#### [Problem description]
Find the line below with "Japanese light luxury" and the line with "and storage space". Output them and the lines between, exactly, but not the pictures.

#### [Extracted material]
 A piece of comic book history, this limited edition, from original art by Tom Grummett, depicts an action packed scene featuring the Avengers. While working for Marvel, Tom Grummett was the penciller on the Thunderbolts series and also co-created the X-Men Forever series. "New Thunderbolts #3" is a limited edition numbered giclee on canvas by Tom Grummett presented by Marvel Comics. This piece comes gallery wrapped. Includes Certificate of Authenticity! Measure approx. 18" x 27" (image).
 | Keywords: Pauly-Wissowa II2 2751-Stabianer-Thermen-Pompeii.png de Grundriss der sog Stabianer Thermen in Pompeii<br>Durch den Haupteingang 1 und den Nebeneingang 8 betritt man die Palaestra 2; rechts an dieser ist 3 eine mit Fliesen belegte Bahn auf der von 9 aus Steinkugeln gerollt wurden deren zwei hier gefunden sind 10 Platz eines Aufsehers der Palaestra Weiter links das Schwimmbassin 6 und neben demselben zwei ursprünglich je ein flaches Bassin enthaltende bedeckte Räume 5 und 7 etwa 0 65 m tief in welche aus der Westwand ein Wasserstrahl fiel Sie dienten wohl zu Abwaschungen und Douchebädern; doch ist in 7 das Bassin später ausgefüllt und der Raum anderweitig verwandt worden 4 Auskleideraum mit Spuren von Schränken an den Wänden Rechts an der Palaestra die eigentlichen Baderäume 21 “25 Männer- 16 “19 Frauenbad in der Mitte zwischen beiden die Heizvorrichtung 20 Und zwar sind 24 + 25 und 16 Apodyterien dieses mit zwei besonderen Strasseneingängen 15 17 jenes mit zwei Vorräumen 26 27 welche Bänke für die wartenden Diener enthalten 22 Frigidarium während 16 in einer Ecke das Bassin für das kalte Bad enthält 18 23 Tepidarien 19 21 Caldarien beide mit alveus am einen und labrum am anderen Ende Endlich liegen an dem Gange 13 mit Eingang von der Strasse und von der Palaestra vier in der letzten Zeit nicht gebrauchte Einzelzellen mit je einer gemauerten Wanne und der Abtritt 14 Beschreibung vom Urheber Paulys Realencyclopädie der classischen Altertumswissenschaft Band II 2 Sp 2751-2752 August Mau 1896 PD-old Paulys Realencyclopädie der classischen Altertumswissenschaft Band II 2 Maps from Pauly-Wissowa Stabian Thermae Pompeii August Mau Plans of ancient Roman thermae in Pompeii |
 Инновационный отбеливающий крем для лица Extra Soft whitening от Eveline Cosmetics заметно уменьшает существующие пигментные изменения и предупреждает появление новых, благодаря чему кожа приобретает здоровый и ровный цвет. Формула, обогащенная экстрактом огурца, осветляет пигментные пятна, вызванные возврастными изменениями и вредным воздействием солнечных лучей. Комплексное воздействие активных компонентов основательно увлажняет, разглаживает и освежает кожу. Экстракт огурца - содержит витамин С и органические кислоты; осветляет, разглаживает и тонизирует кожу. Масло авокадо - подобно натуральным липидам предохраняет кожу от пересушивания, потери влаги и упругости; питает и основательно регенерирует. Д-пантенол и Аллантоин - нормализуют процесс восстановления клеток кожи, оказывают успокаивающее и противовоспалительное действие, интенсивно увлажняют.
...
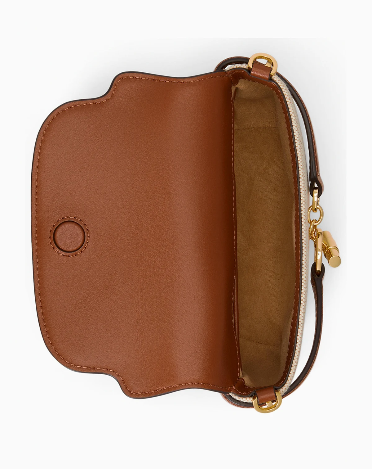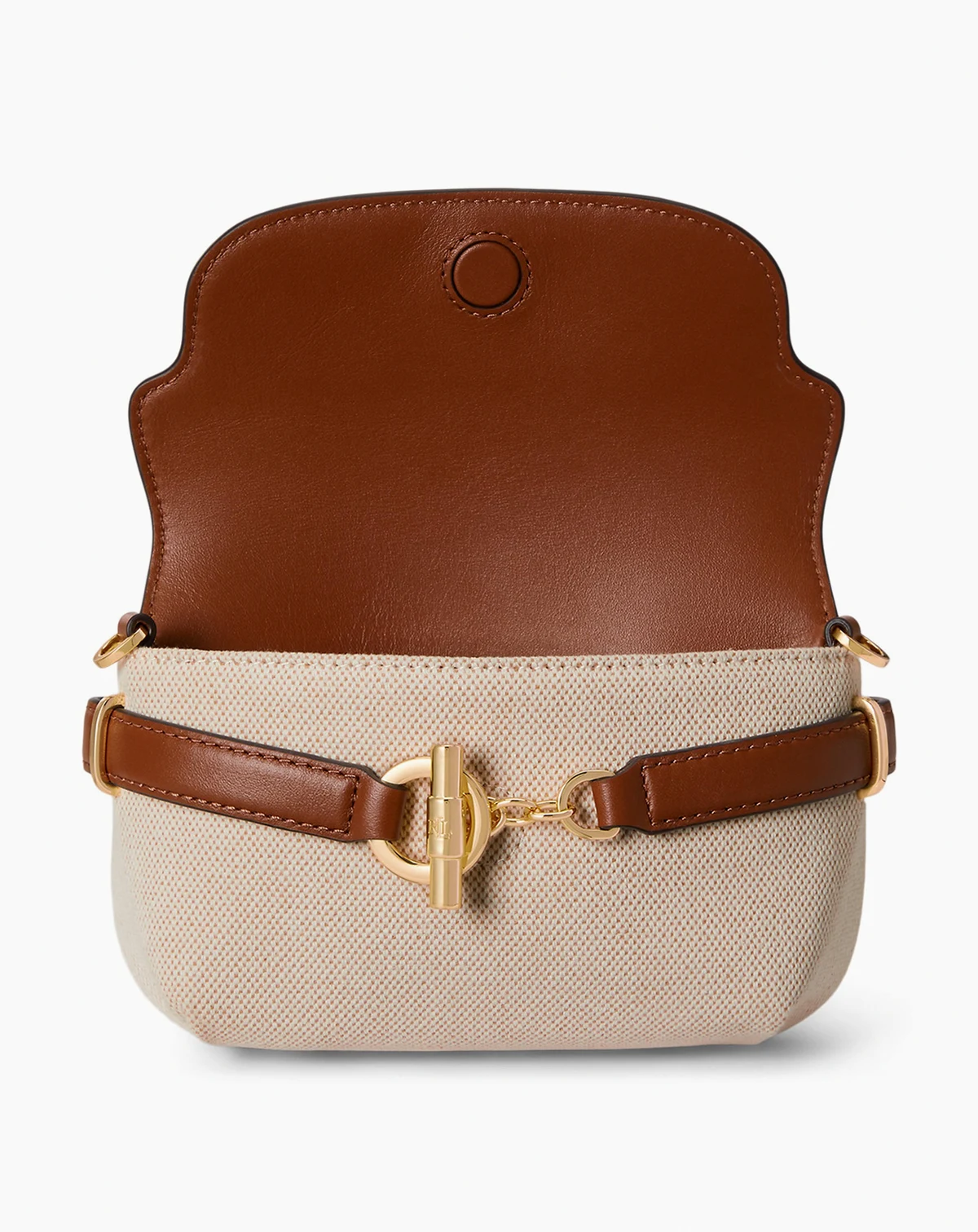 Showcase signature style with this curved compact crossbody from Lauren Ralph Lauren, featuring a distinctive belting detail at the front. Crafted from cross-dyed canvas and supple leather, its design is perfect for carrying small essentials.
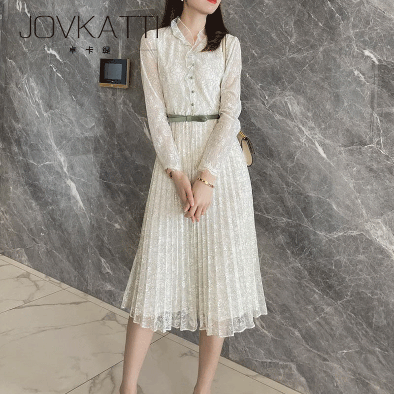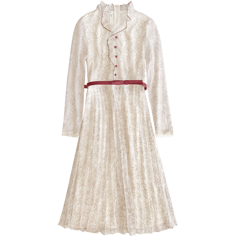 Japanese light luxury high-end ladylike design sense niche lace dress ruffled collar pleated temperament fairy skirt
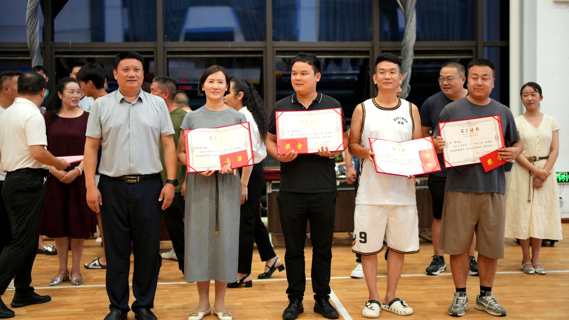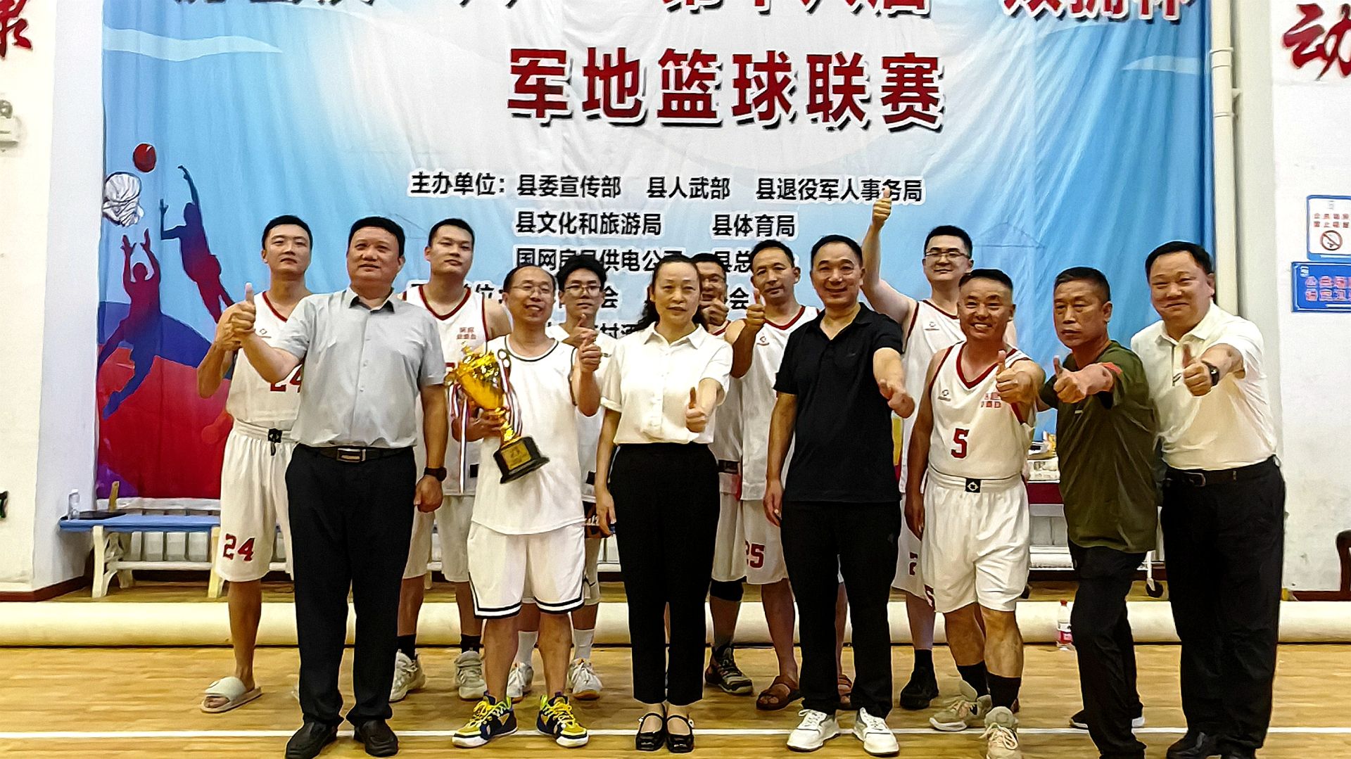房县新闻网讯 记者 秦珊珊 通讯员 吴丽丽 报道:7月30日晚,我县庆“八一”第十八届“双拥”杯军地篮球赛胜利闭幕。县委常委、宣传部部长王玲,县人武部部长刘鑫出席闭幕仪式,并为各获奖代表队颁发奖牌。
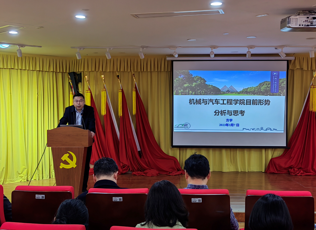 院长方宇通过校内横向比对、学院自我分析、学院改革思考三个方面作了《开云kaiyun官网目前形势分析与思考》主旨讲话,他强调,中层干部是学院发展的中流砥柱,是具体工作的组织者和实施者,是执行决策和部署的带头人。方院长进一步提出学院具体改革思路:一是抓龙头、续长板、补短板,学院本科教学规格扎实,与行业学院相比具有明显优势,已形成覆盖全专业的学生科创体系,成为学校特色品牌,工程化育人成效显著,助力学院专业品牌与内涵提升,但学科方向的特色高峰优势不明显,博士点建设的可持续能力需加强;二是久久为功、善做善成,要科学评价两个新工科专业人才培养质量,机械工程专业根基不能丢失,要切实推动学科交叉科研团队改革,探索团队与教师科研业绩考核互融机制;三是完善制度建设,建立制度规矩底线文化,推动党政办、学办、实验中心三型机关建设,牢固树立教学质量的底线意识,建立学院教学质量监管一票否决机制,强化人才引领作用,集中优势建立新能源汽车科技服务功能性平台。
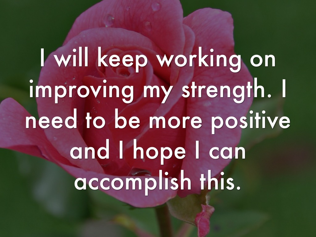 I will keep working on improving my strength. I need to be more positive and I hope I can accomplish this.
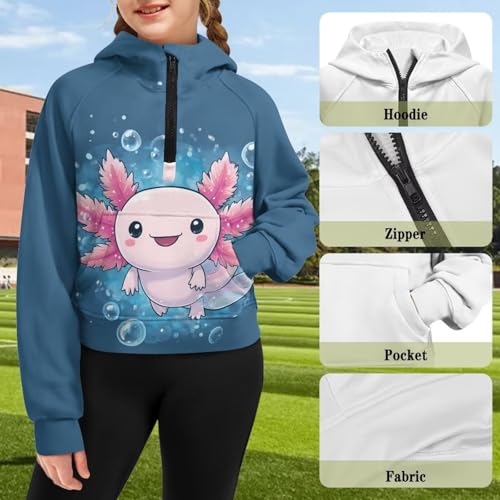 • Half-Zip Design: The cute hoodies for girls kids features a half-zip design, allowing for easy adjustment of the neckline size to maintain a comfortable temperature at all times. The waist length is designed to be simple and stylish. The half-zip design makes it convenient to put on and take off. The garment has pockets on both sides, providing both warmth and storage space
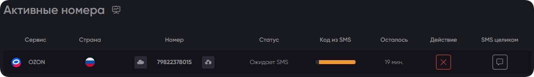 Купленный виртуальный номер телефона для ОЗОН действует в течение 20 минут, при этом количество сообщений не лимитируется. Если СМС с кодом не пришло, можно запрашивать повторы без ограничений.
---
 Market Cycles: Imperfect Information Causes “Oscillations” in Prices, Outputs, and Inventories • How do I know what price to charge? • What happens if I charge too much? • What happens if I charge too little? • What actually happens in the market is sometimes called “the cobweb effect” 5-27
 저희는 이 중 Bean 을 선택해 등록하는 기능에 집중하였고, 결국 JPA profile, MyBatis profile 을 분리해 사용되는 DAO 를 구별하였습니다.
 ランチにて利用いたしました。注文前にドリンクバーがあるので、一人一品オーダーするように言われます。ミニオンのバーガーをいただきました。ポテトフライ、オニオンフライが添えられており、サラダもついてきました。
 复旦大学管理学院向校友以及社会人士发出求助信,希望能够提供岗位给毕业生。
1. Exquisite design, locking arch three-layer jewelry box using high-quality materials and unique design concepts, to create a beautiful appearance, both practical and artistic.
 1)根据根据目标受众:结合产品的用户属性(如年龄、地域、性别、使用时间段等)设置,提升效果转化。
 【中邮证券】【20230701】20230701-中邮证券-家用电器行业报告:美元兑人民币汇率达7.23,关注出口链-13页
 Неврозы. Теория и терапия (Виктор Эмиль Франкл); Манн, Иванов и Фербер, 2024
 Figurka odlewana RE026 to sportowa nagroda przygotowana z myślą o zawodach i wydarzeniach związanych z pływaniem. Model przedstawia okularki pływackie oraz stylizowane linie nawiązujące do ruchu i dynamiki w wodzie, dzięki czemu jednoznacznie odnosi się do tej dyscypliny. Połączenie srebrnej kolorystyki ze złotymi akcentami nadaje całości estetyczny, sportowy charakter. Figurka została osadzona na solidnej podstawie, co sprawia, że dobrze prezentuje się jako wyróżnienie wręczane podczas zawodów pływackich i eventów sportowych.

#### [Response]
 Japanese light luxury high-end ladylike design sense niche lace dress ruffled collar pleated temperament fairy skirt
房县新闻网讯 记者 秦珊珊 通讯员 吴丽丽 报道:7月30日晚,我县庆“八一”第十八届“双拥”杯军地篮球赛胜利闭幕。县委常委、宣传部部长王玲,县人武部部长刘鑫出席闭幕仪式,并为各获奖代表队颁发奖牌。
 院长方宇通过校内横向比对、学院自我分析、学院改革思考三个方面作了《开云kaiyun官网目前形势分析与思考》主旨讲话,他强调,中层干部是学院发展的中流砥柱,是具体工作的组织者和实施者,是执行决策和部署的带头人。方院长进一步提出学院具体改革思路:一是抓龙头、续长板、补短板,学院本科教学规格扎实,与行业学院相比具有明显优势,已形成覆盖全专业的学生科创体系,成为学校特色品牌,工程化育人成效显著,助力学院专业品牌与内涵提升,但学科方向的特色高峰优势不明显,博士点建设的可持续能力需加强;二是久久为功、善做善成,要科学评价两个新工科专业人才培养质量,机械工程专业根基不能丢失,要切实推动学科交叉科研团队改革,探索团队与教师科研业绩考核互融机制;三是完善制度建设,建立制度规矩底线文化,推动党政办、学办、实验中心三型机关建设,牢固树立教学质量的底线意识,建立学院教学质量监管一票否决机制,强化人才引领作用,集中优势建立新能源汽车科技服务功能性平台。
 I will keep working on improving my strength. I need to be more positive and I hope I can accomplish this.
 • Half-Zip Design: The cute hoodies for girls kids features a half-zip design, allowing for easy adjustment of the neckline size to maintain a comfortable temperature at all times. The waist length is designed to be simple and stylish. The half-zip design makes it convenient to put on and take off. The garment has pockets on both sides, providing both warmth and storage space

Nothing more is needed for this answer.